Carefully climbing into the bed beside him I lay my head on his chest, needing to feel the slow and steady beat. I need to know that he’s alive and here with me no matter for how long. I feel him running his fingers through my hair over and over like he used to do after we’d made love. I’m unable to stop my tears and they give way to sobs. I’m never going to experience that with him again.

 

“It’s okay,” he says as he continues to rub my hair and back.

 

“It’s never going to be okay,” I sob into his chest as I hold onto his hospital gown tightly. “How am I going to go on without you?”

 

“You’re stronger than you realize Doc.”

 

“I’m not….I don’t want to be strong John….I don’t want to be…I just want you.”

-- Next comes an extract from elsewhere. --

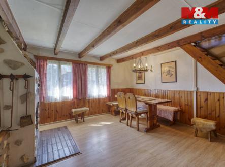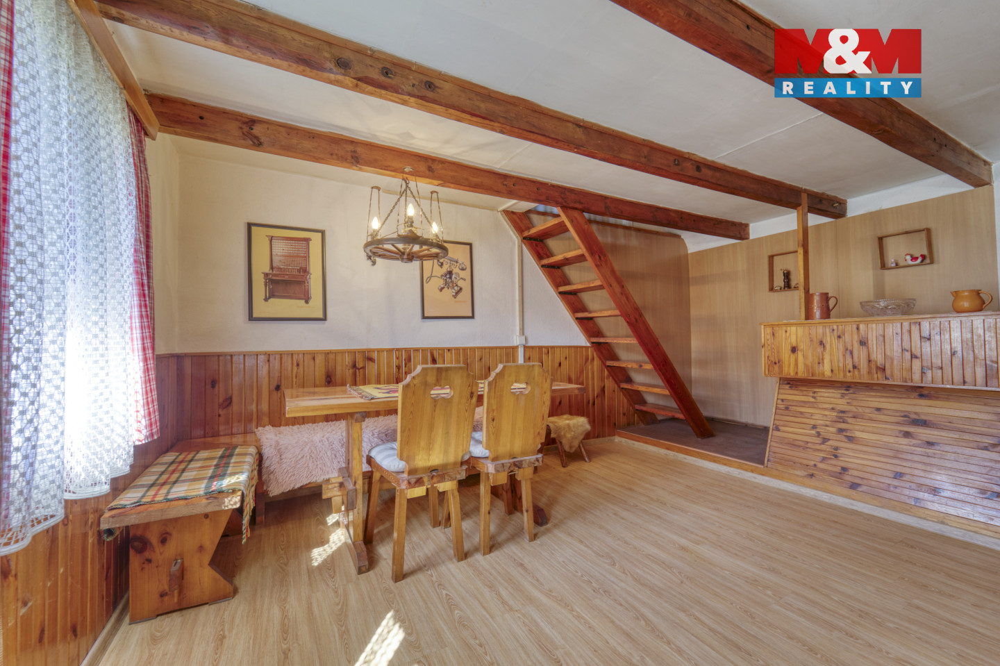 Nabízíme k prodeji útulnou chatu v klidné lokalitě Jarov, která je ideální pro všechny, kdo hledají únik do přírody a naprosté soukromí, bez přímých sousedů. Chata má dvě nadzemní podlaží a jedno podzemní, přičemž její užitná plocha činí 43 m². Konstrukce je kombinací cihly a dřeva. Dispozice chaty nabízí obytnou místnost, spací místnost, kuchyň, dále garáž a také saunu, která poskytuje ideální prostor pro relaxaci. Do chaty je zavedena elektřina, voda však není přivedena. Před chatou teče potůček. Na pozemku se nachází bazén, který oceníte především v letních měsících. Celé místo působí velmi příjemně a nabízí ideální zázemí pro víkendový odpočinek, rekreaci nebo trávení času v přírodě. Tato nemovitost je skvělou volbou pro ty, kteří hledají klidné místo daleko od ruchu města, s možností relaxace a soukromí.

“I’ll always be with you…you know that. I’ll be with you in Belle and in Claire and in the new baby…I may be physically gone, but I’ll always be here for you.”

 

“Oh God,” I sob harder as I move my body on top of his frail and emaciated form. The cancer has slowly eaten away at his frame causing ribs to protrude where strong muscle used to be. Nevertheless he’s still my John. My John that’s dying beneath me and there is not a damn thing that I or anyone else can do to stop it.

 

“I don’t want you to mourn for me Marlena…I need to know that you’ll go on with your life and find happiness.”

 

“I don’t want to,” I cry into his neck as I struggle to get closer to him. “I want to go with you…. Please don’t leave me.”

 

“I wish that it wasn’t this way,” he mumbled as a coughing fit overcame him. Tightly I held onto him, unable to let go.

 

“You will always be in my heart, no matter what,” I confess as my tears continue to spill across the crisp sheets. I can’t stop my tears as the realization that the end is near. There are still so many words left unspoken, so many things I wanted to tell him and always thought I would have the time to. Where did my time go?

 

“No tears Marlena,” John stoically says as he tries to be calm. He’s the one that’s dying, but a part of me is dying right along side of him and died the moment that we received his diagnosis. Terminal cancer. I always thought that Stefano was the threat, not his own body. Surgery, chemotherapy, radiation, stem cell therapy, experimental treatments and nothing worked. John’s own body betrayed him as the cancer spread from one organ to the next and eventually entered his blood stream and bones. Time is not on our side and I know its only a matter of days that I have left with him. How am I supposed to say goodbye to him. How am I supposed to end this love affair of ours?

 

“I love you Marlena…I love you more than anyone in the entire world,” he whispers his mantra over and over to me as I hear his breathing become more and more shallow.

 

Forcing myself out of my silent reverie I am once again unable to relive the last moments of his life. After a year the pain is still to great, the loss too devastating.

 

“Mom,” Belle softly says as she lays down beside me on John’s grave and takes me into her arms.

 

“I miss him so much,” I cry into her shoulder as I hold on, comforted by a part of him. I don’t want to feel his daughter’s arms around me; I want to feel his.

 

“I miss daddy too,” she says as she hugs me, reminding me that I am not the only one. “Let’s get back to the car,” Belle says as she tries once again to coax me out of my all-consuming grief. “I think its going to rain,” she says changing the subject.

 

I nod as I hold onto his daughter even tighter. She’s the only comfort that I really have, a piece of him that will remain forever. Before when I looked at her I saw my baby girl, now when I look at her I see him. His eyes haunt me when I look at her, but strangely they also provide me a sense of security. I grab onto her hand as she helps me up off the ground. Straightening my black coat I glance up at the sky and see that the heavens mirror my sorrow. She’s right, it’s going to rain.

 

“Thank you,” I whisper, not sure if I’m whispering it to Belle or to him, but in the end it doesn’t really matter.

 

Taking her hand once again, needing that connection to him once more, I squeeze it tightly, thankful that she is here with me. Smiling through her tears she squeezes my hand back and for an instance I feel him with me and know that impossibly things are going to be alright.

 

I know tomorrow will be the same as I once again rise with dawn and begin another day without him.